▶ What you need to do:
Directions for the data below: repeat exactly the lines from the one with "Flossaid Dental Floss Holder - 4" through the one with "秋の尾瀬 至仏山の山頂から北東側の尾瀬ヶ原、燧ヶ岳方面を見る", both included, and omit all pictures.

▶ Entries supplied:
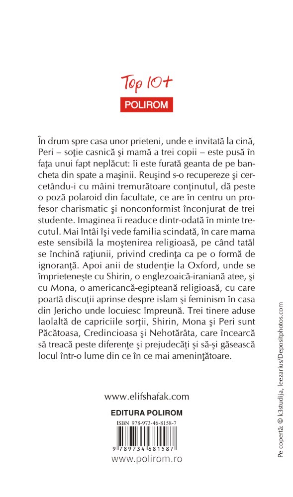 In drum spre casa unor prieteni, unde e invitată la cină, Peri – soţie casnică şi mamă a trei copii – este pusă în faţa unui fapt neplăcut: îi este furată geanta de pe bancheta din spate a maşinii. Reuşind s-o recupereze şi cercetîndu-i cu mîini tremurătoare conţinutul, dă peste o poză polaroid din anii de studenţie la Oxford, ce are în centru un profesor charismatic şi nonconformist înconjurat de trei studente. Imaginea îi readuce dintr-odată în minte trecutul. Mai întîi îşi vede familia scindată, în care mama este sensibilă la moştenirea religioasă, pe cînd tatăl se închină raţiunii, privind credinţa ca pe o formă de ignoranţă. Apoi anii de studenţie la Oxford, unde se împrieteneşte cu Shirin, o englezoaică-iraniană atee, şi cu Mona, o americancă-egipteană religioasă, cu care poartă discuţii aprinse despre islam şi feminism în casa din Jericho unde locuiesc împreună. Trei tinere aduse împreună de capriciile sorţii, Shirin, Mona şi Peri sînt Păcătoasa, Credincioasa şi Nehotărîta, care încearcă să treacă peste diferenţe şi prejudecăţi şi să-şi găsească locul într-o lume din ce în ce mai ameninţătoare.
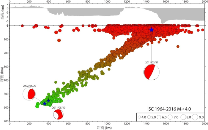 中國科學院地質與地球物理研究所 陳棋福 云南省地震局 姜金鐘 2002年6月29日1時19分,我國吉林省汪清縣發生7.2級深震,震源深度540 km。該震與7級淺源地震激發的地震能量和震動波形基本一致,在經過數百至上千千米的能量衰減后,到達東北全境和華北部分地區時雖仍有微小震動,但并未驚醒位于該震上方的汪清周邊居民。與7級淺源地震常常造成大量人員傷亡和重大經濟損失相比,汪清深震未造成人員傷亡和建筑物破壞。 一、汪清7.2級深震發生的位置 深震是指震源深度大于70 km(也有認為是大于60 km),深度小于70 km或60 km的則稱為淺震(淺源地震),深度在70~300 km或60~300 km的地震被稱為中源地震,深度大于300 km的為深源地震。中源地震和深源地震經常被籠統的稱為深震,有些嚴格的學者則僅將深度大于300 km的地震稱為深震? 從下圖看,汪清深震發生在太平洋板塊俯沖至中國東北下方的日本俯沖帶上,中國東北一帶的深震活動可以從近600 km的深處連續向上和向東追蹤至日本海溝附近的淺源地震,十分明顯地展現出太平洋板塊向歐亞大陸板塊俯沖插入中國東北大陸下方約600 km深度的圖像。各種尺度的地震層析成像結果也都顯示中國東北一帶的深源地震與日本海深震具有很好的連續性并發生在西太平洋俯沖板片的高速異常體內部。圖中藍色星號處及其連線分別給出了汪清7.2級深震的位置和震源機制解。
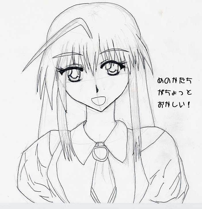 | [2005.2.19] 立ちアコを使っていた時に、立ちアコを見ながら書いたもの。 先輩にも言われましたが、できあがったあと、まぁまぁのできだと思った。 ただ傾いているのとほおベニが右側にずれているのが失敗した。 でも、いい感じにできたほうだと思います。 |
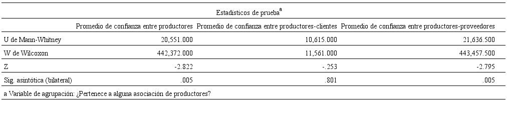 Acerca de la relación productor-productor, los encuestados que dijeron pertenecer a una asociación mostraron mayores niveles de confianza con respecto de los que no pertenecen (z = -2.822, p < 0.05). En el caso de los productores que mantienen una relación con sus proveedores también hubo diferencias; son mayores los niveles de confianza en quienes están asociados que en los que no lo están (z = -2.795, p < 0.05).
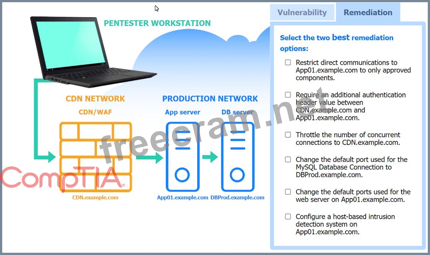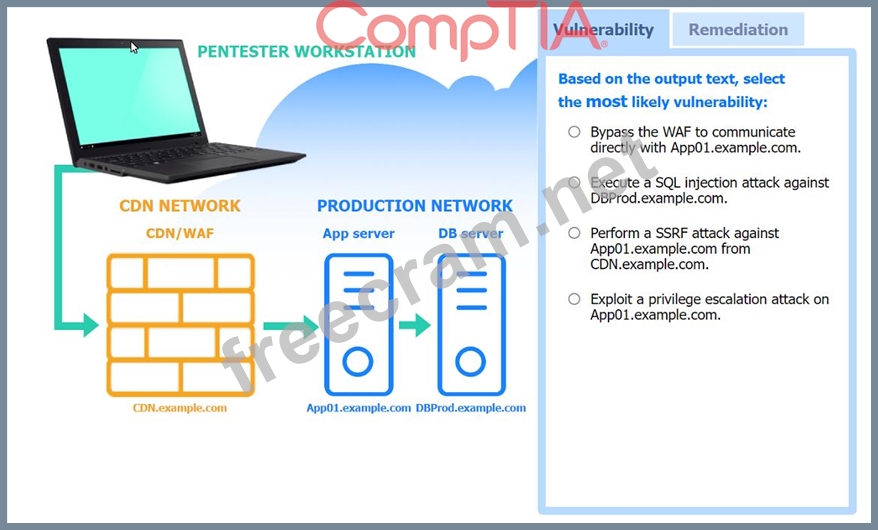 The scenario suggests that the CDN network (with a WAF) can be used to perform a Server-Side Request Forgery (SSRF) attack. Since the penetration tester has the pentester workstation interacting through the CDN/WAF and the production network is behind it, the most plausible attack vector is to exploit SSRF to interact with the internal services like App01.example.com.
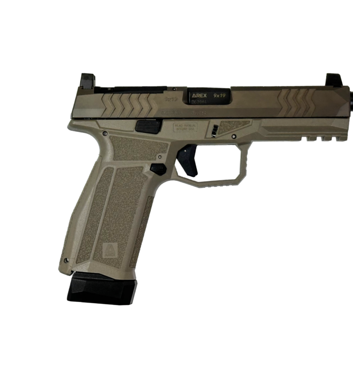 The platform is built on the AREX Delta architecture, utilizing a polymer frame with interchangeable backstraps, allowing ergonomic adaptation across different hand sizes. A low bore axis design and optimized slide mass distribution reduce muzzle rise and support faster follow-up shots under rapid fire conditions. The slide is machined from high-strength steel with a corrosion-resistant surface treatment for durability and service life.
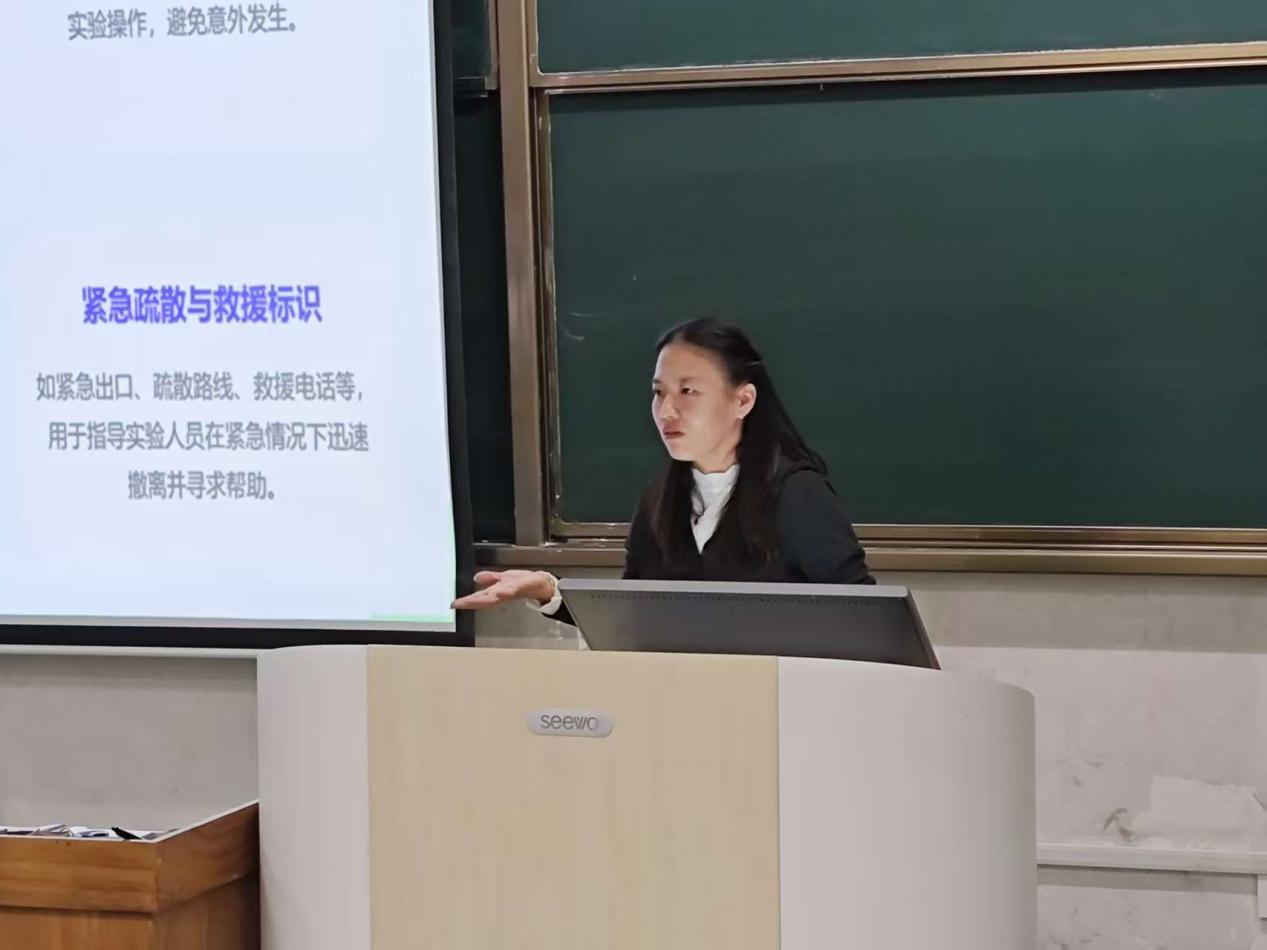 会议伊始,吕娟对2025级新生表示热烈欢迎,并就本次报告会的教育目的作了简要介绍。随后,她分别从实验室安全教育的背景及意义、公司实验中心基本情况、实验室安全基础知识、实验室安全操作规范、实验室化学品安全管理、实验室电器设备安全使用、实验室生物安全级防护、实验室安全事故案例分析几个方面作了生动讲解。吕娟通过视频的形式,让同学们与实验室老师“面对面”,走入实验室了解公司实验中心资产,了解认识各类实验仪器。同学们仔细倾听实验室安全事故分析,从教训中明确实验室安全意识的重要性。最后,她介绍了2025级新生实验室准入考试的相关内容,就考试时间、考核办法和组织形式向新生作了说明。
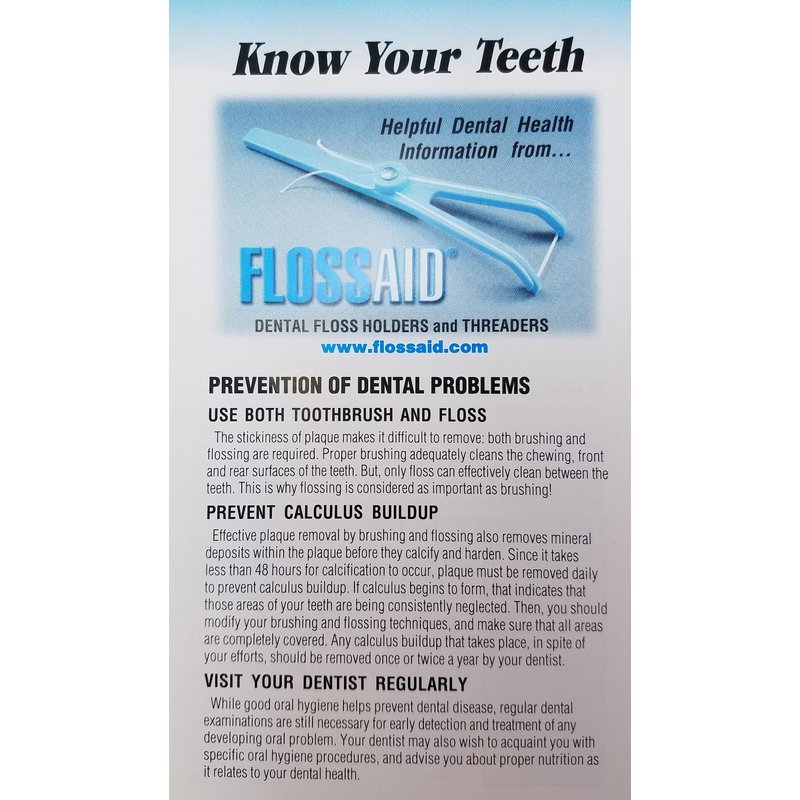 Flossaid Dental Floss Holder - 4 Pack -The Original FLOSSAID Dental Floss Holder is an excellent dental hygiene tool. With it's angled head and long handle, not one tooth space is neglected or incompletely flossed. FLOSSAID "makes flossing easy". Assorted color - colors vary from the picture.
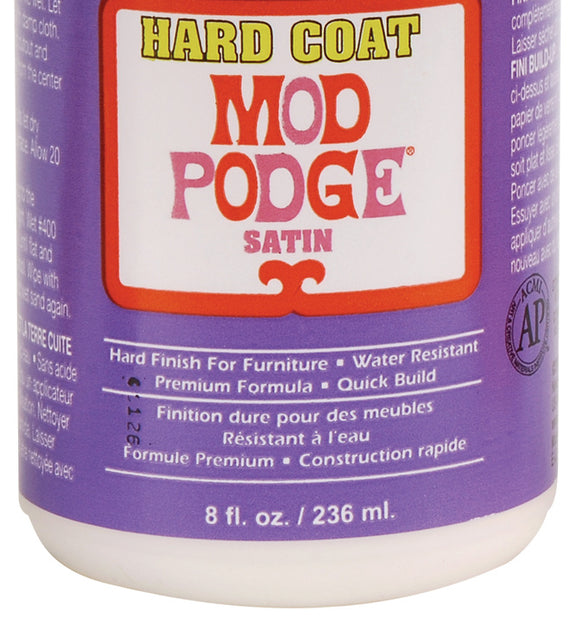MOD PODGE-8 onzas de Hard Coat Satin Mod Podge. Un acabado duro para muebles. Fórmula premium resistente al agua, construcción rápida y libre de ácidos. Base agua y no tóxico. Aplicar con aplicador de brocha o esponja.
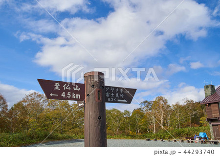 秋の尾瀬 至仏山の山頂から北東側の尾瀬ヶ原、燧ヶ岳方面を見る
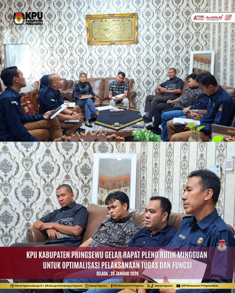 Tabik Puuun #TemanPemilih, Komisi Pemilihan Umum (KPU) Kabupaten Pringsewu melaksanakan Rapat Pleno Rutin Mingguan pada Selasa, 20 Januari 2026, bertempat di lingkungan Sekretariat KPU Kabupaten Pringsewu. Kegiatan ini dipimpin langsung oleh Ketua KPU Kabupaten Pringsewu dan diikuti oleh seluruh Anggota KPU Kabupaten Pringsewu serta para Kepala Subbagian (Kasubbag) di lingkungan Sekretariat KPU Kabupaten Pringsewu. Rapat pleno rutin mingguan merupakan agenda kelembagaan yang bertujuan untuk menjaga kesinambungan koordinasi, komunikasi, dan konsolidasi internal dalam rangka mengoptimalkan pelaksanaan tugas dan fungsi KPU Kabupaten Pringsewu. Melalui forum ini, pimpinan dan jajaran sekretariat secara bersama-sama melakukan evaluasi terhadap pelaksanaan kegiatan yang telah berjalan, sekaligus membahas rencana kerja dan tindak lanjut program ke depan. Ketua KPU Kabupaten Pringsewu dalam arahannya menekankan pentingnya sinergi antara unsur pimpinan dan sekretariat guna mewujudkan kinerja organisasi yang efektif, akuntabel, dan profesional. Selain itu, rapat ini juga menjadi sarana untuk menyamakan persepsi, memperkuat komitmen bersama, serta memastikan seluruh pelaksanaan tugas berjalan sesuai dengan ketentuan peraturan perundang-undangan yang berlaku. Dengan dilaksanakannya rapat pleno rutin mingguan secara konsisten, KPU Kabupaten Pringsewu berkomitmen untuk terus meningkatkan kualitas tata kelola kelembagaan, memperkuat koordinasi internal, serta mendukung tercapainya penyelenggaraan pemilu yang berintegritas dan berkualitas. Kegiatan ini diharapkan mampu menjadi pondasi yang kuat dalam menjaga profesionalisme dan soliditas seluruh jajaran KPU Kabupaten Pringsewu. @kpu_ri @kpu_lampung #KPUMelayani #KPUPringsewu #ASNBerAKHLAK ....
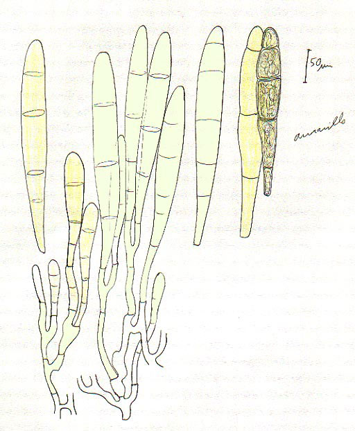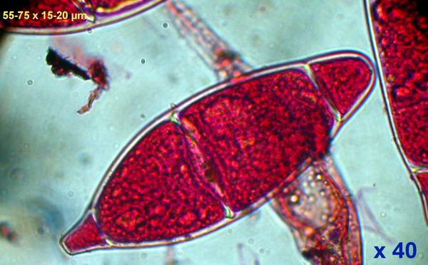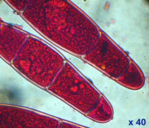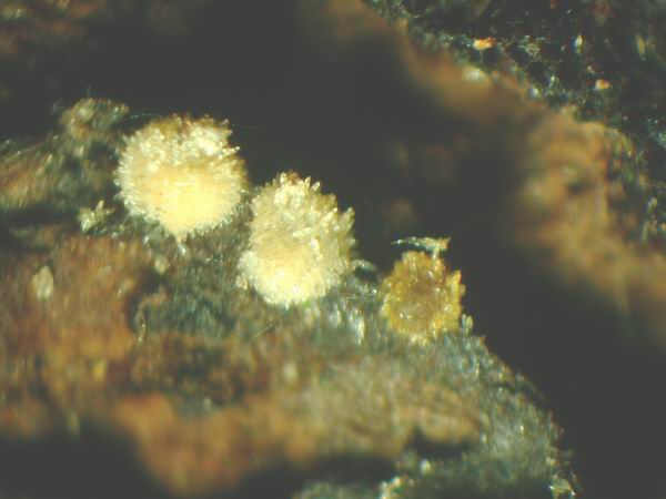 J'ai trouvé cette petite chose (sphères de 1 à 2 mm de diamètre, de couleur beige jaunâtre) sur écorce de bois mort (Fagus) et la micro révèle ce que je pense être des conidies de taiille impressionnante : 15-20 x 55-75 µm ... Dois-je me diriger vers un Imperfecti ou vers un anamorphe ?
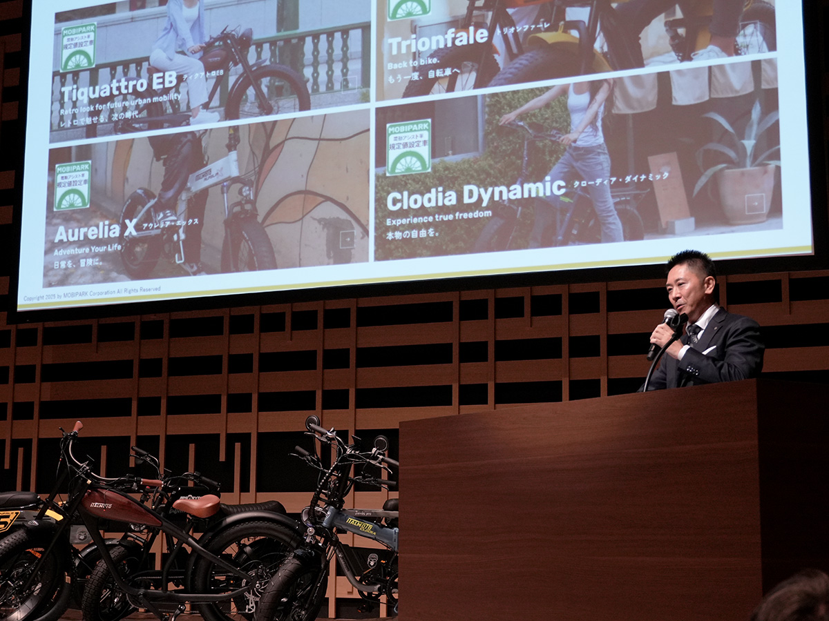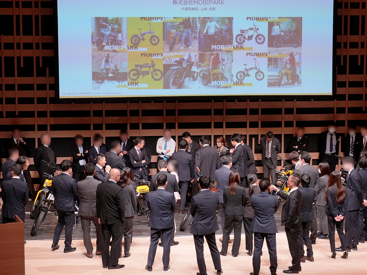 続いて行われたのは、今回の目玉となる株式会社MOBIPARKの「事業計画発表会兼E-BIKE車両展示会」である。
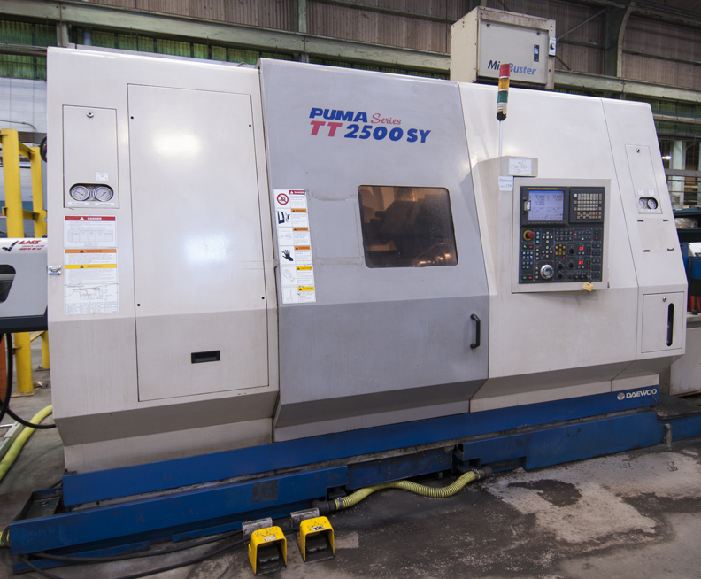 - DAEWOO (2008) PUMA TT2500SY CNC twin spindle turning and milling center, twin opposed spindles, twin opposed 12-station turrets, with FANUC series 18i-TB CNC control, c-axis, live milling, y-axis, 31.5” swing, 29.13” max turning length, travels X1 – 10.04”, X2 – 7.48”, Z1 – 31.5”, Z2 – 35.43”, Y – 4.72”, speeds to 3500 RPM, LNS SERVO8052 automatic bar feeder, LNS BLAZE AIR automatic un-loader, MASTER CONVEYORS chip conveyor, MCLEAN chiller, s/n: PT25SY0031
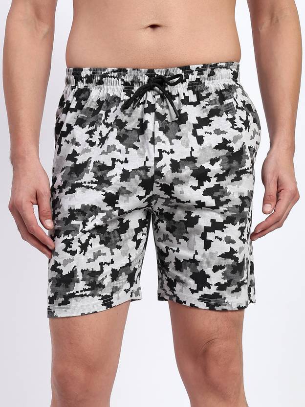 T.T. Men Regular Fit Cotton Polyster Printed Short With Zip Pocket Pack Of 1-Grey Camouflage

▶ Result of this task:
 Flossaid Dental Floss Holder - 4 Pack -The Original FLOSSAID Dental Floss Holder is an excellent dental hygiene tool. With it's angled head and long handle, not one tooth space is neglected or incompletely flossed. FLOSSAID "makes flossing easy". Assorted color - colors vary from the picture.
MOD PODGE-8 onzas de Hard Coat Satin Mod Podge. Un acabado duro para muebles. Fórmula premium resistente al agua, construcción rápida y libre de ácidos. Base agua y no tóxico. Aplicar con aplicador de brocha o esponja.
 秋の尾瀬 至仏山の山頂から北東側の尾瀬ヶ原、燧ヶ岳方面を見る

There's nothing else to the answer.